2026-03-30 2026-03-23 2026-03-20 2026-03-18 2026-03-15

The Big Picture

This week’s papers sharpen the duality at the heart of artificial intelligence (AI) economics. On one side, well-structured deployments raise output: orchestrated agent platforms compress software delivery effort, firm-level AI adoption lifts patenting and R&D with a measurable total factor productivity (TFP) bump, and targeted coaching upgrades human soft skills. On the other, frictions and faulty yardsticks bite: AI-mediated video erodes interpersonal trust without hurting accuracy, leaderboard contamination flatters model skill, and autonomous agents exhibit researcher-sized nonstandard errors unless channeled by exemplars and governance.

The throughline is simple: the gains are real, and they materialize when organizations invest in complements—platform orchestration, R&D capacity, training, and rigorous evaluation—and wither when organizations rely on raw model scores or ungoverned agents. Bottom line: treat AI as an institutional design problem, not an automatic multiplier—build the complements and fix the measurement if you want the productivity.

Top Papers

  • AI-mediated video makes speakers look less trustworthy and lowers viewers' confidence (preregistered lab experiments, high evidence)
    - In two preregistered experiments (N = 2,000), retouching, virtual backgrounds, and avatars reduce perceived trust in speakers and lower viewers’ confidence in their judgments, even though lie-detection accuracy remains unchanged. The effect intensifies in mixed-avatar settings. This disconnect between objective accuracy and subjective trust raises deployment costs for remote work, sales, healthcare, and courts, and requires disclosure and design standards that preserve social trust.

  • Modern AI models outperform classic statistics in predicting employee performance across public datasets (cross-dataset benchmarking, medium–high evidence)
    - Ensembles and deep neural networks beat traditional statistical models on employee-performance prediction across multiple workforce datasets using cross-validation and holdout tests. Performance advantages persist in cross-company transfer, and engagement, learning agility, tenure, and workload emerge as consistent signals. The predictive gap justifies modern machine learning (ML) investment in human resources (HR) while increasing the need for fairness audits and governance as data-driven personnel decisions scale.

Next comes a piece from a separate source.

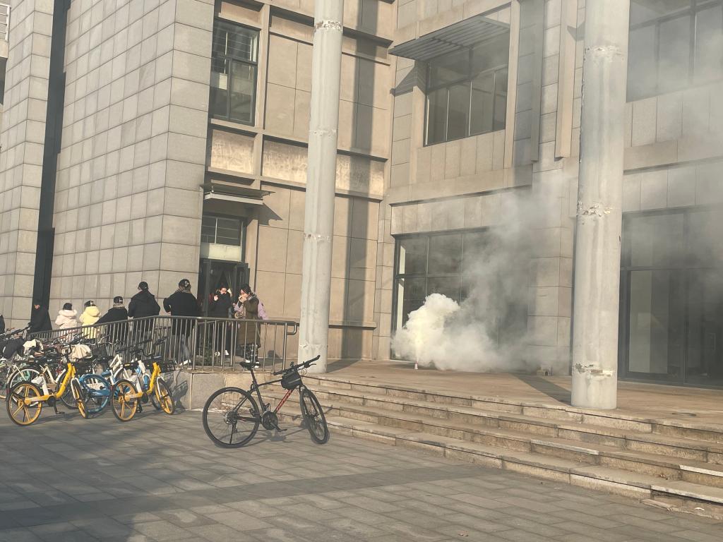 为确保演练活动安全有序进行,bwin必赢登录入口和保卫处预先制定演练方案,勘察场地,规划疏散路线。下午2时30分,演练正式开始。烟雾施放人员在明理楼前和楼内既定位置点燃烟弹模拟火灾发生,楼内逃生演练广播响起,楼内师生迅速、有序离开实验室和教室,并由最近安全出口俯身低姿、掩住口鼻穿过“烟雾”疏散至楼外安全区域。紧接着,学校保卫处向师生详细讲解、演示了灭火器、灭火毯等消防器材的使用方法和注意事项。我院师生也纷纷踊跃上场实际使用灭火器进行灭火。

  • Sampling algorithm finds approximate proportional-veto core from infinite alternatives with optimal sample complexity (theory with proofs and synthetic validation, high evidence)
    - A constructive, sampling-based algorithm reliably returns an alternative in the approximate proportional veto core using only query access, with matching information-theoretic lower bounds on sample complexity. Synthetic tests confirm robust recovery. This equips platforms that use generative models to surface proposals (policies, product concepts) with a principled way to find options that withstand group vetoes at feasible cost.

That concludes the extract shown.